MISTER THOMPSON se hallaba aún en su oficina. A través del inmenso ventanal observaba el puente de Brooklyn desde el piso 35 de esa torre que también era suya. De soslayo, miró su Rolex de oro; faltaba media hora para las doce. Del bar tomó un vaso de cristal y dejó caer en él una espesa lluvia dorada de Chivas. Colocó con meticulosidad de cirujano dos piedras de hielo dentro del líquido y con un dedo las movió como quien acaricia el hombro de una mujer deseada. Se dejó caer en la butaca y con lentitud abrió el cajón de su escritorio de caoba. Ahora faltaban veinticinco minutos para la navidad.
-¡Veinticinco minutos Nenena! Apurate que ya están listos los fuegos alrededor de la piscina - dijo Facundo mientras encendía un Camel de caja dura y desde el celular llamaba clandestinamente a Patricia, su secretaria; su amante. Con gesto de fastidio cerró con un chasquido seco el Ericsson y le alcanzó a su pastor alemán un cuarto trasero del cerdo que él no había tocado durante la cena.
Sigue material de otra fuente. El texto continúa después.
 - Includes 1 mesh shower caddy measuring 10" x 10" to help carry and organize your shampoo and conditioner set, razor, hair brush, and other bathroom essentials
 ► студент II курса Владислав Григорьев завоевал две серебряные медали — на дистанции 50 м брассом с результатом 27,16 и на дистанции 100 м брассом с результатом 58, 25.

Intentó nuevamente encontrar a Patricia disponible, aspiró largamente el humo y lo dejó salir como queriendo contener el tiempo. Veinte para las doce, dijo para sí.
Al tiempo que hundía una papita en la mayonesa, Martín le decía a grito pelado a sus tres hijos -¡esperen que faltan quince minutos carajo!, después no van a tener ningún cohete.
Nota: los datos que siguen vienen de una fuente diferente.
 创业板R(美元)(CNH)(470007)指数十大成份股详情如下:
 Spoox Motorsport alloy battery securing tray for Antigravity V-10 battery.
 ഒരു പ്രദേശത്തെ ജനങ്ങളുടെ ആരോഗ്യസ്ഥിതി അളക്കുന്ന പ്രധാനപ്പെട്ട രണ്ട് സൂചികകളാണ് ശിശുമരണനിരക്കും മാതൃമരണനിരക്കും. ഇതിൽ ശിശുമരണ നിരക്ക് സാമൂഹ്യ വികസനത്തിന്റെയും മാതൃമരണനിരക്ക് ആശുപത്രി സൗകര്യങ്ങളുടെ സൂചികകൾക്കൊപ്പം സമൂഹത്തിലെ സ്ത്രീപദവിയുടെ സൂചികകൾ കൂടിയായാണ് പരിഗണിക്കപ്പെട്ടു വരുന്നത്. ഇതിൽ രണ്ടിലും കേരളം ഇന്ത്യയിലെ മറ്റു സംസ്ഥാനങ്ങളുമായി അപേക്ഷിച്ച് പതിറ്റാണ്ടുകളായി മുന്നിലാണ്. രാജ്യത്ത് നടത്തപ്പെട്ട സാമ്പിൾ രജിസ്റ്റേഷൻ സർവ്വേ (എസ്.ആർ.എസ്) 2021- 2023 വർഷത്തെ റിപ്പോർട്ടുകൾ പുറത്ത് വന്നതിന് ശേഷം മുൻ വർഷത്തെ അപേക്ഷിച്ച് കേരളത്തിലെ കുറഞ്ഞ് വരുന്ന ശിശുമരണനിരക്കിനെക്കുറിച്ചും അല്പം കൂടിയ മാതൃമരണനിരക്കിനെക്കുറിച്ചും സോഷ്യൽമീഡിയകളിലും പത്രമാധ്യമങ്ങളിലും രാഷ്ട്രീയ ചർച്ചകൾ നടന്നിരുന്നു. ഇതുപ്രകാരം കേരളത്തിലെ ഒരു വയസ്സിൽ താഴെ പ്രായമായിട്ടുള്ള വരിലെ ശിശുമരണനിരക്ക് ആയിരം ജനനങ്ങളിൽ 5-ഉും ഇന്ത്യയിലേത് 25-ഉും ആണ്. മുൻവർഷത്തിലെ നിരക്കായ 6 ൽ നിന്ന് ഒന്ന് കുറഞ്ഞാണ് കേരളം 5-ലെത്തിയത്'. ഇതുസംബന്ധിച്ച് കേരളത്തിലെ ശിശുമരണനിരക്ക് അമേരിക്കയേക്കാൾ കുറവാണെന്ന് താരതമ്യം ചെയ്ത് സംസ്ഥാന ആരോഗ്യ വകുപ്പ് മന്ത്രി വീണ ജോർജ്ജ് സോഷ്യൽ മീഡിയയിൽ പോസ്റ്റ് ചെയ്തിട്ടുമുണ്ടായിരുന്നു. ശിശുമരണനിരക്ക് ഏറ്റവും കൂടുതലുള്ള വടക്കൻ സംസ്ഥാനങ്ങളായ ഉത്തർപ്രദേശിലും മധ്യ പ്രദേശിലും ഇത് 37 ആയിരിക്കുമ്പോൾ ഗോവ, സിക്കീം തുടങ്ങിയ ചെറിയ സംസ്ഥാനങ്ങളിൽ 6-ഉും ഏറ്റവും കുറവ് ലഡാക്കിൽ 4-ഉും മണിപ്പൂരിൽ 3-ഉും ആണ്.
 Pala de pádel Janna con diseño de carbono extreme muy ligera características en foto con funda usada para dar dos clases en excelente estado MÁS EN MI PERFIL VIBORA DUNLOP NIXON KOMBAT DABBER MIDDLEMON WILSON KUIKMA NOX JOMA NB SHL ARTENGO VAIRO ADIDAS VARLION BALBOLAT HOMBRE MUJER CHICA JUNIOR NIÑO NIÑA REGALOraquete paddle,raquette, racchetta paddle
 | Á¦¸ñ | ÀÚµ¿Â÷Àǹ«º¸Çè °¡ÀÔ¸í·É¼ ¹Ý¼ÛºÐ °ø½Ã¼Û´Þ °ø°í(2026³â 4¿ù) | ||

Martita, como ida, hacía girar su brazo a punto de disloque con su enésima bengala. Jorgito, más expeditivo, eructaba refresco mientras se metía en la boca un sanguche de choclo y atrás pero sin solución de continuidad, un puñado de maníes al tiempo que hipaba de risa porque Carlitos, dos años mayor, meaba dentro de la botella de sidra a medio tomar que era visitada por la abuela detrás de cada pedazo de budín. Martín gritaba otra vez, ahora a su mujer, para que se apurara con la ensalada de frutas porque ya eran menos diez y quería festejar tranquilo.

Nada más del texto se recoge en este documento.